DATA PROVIDED -
★ ★ ★ ★ ★

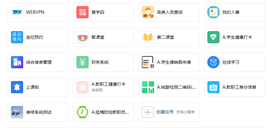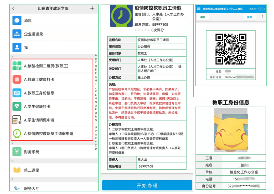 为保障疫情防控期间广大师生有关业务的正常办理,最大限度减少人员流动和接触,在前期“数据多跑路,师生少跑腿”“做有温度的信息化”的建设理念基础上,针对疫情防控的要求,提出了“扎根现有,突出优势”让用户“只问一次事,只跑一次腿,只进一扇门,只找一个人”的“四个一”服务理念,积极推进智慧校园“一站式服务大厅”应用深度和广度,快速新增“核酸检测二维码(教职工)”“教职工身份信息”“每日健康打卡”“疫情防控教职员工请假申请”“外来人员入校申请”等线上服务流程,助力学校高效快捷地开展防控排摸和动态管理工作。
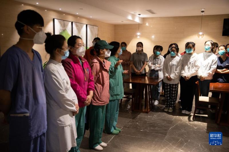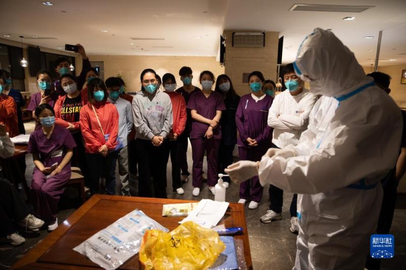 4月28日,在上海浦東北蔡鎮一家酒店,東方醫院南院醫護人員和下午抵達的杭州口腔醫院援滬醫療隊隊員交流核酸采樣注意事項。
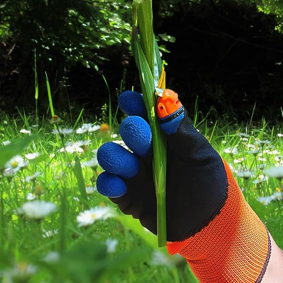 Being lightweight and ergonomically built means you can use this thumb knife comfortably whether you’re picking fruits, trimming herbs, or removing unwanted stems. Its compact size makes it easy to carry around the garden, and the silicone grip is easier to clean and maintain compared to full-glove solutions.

★ ★ ★ ★ ★

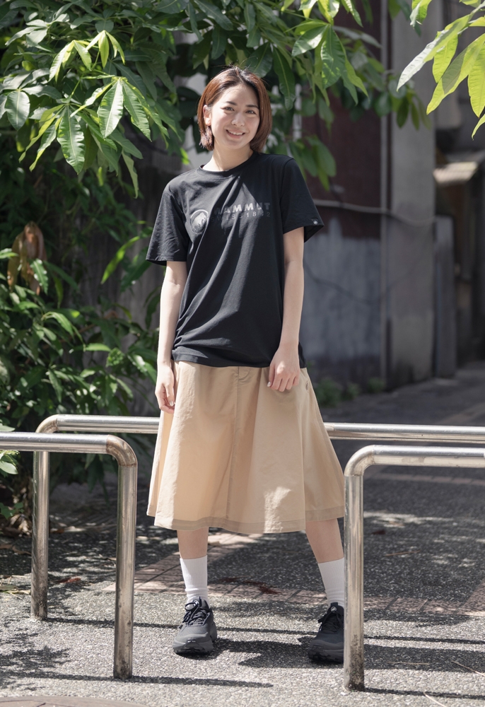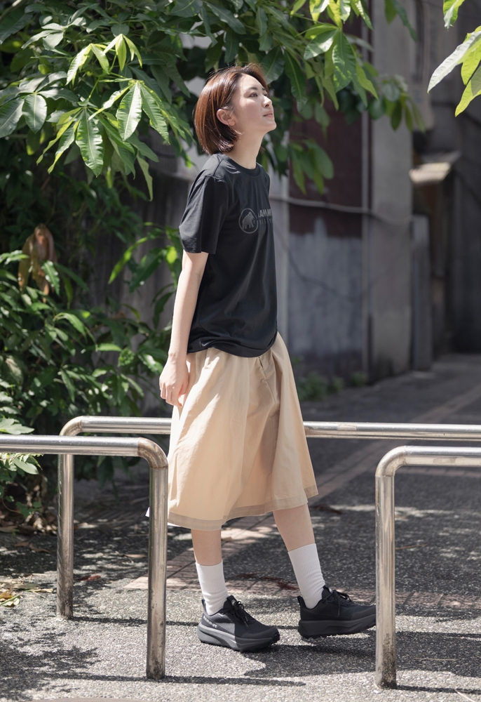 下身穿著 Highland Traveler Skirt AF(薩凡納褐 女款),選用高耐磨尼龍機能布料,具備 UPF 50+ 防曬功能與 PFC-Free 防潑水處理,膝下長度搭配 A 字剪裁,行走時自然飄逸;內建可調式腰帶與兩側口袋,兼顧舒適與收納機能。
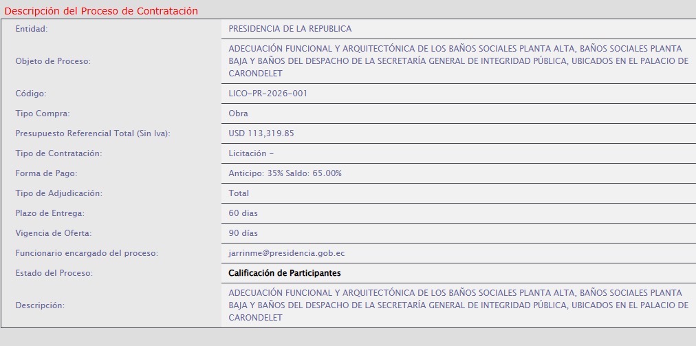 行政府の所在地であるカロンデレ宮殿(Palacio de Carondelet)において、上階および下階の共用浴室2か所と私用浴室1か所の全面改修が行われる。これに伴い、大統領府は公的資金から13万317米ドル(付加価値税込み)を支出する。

★ ★ ★ ★ ★

ACTIVITY -
The answer is the lines above from the one with "4月28日,在上海浦東北蔡鎮" to the one with "Being lightweight and", set down exactly, with no pictures.

EXERCISE ANSWER -
 4月28日,在上海浦東北蔡鎮一家酒店,東方醫院南院醫護人員和下午抵達的杭州口腔醫院援滬醫療隊隊員交流核酸采樣注意事項。
 Being lightweight and ergonomically built means you can use this thumb knife comfortably whether you’re picking fruits, trimming herbs, or removing unwanted stems. Its compact size makes it easy to carry around the garden, and the silicone grip is easier to clean and maintain compared to full-glove solutions.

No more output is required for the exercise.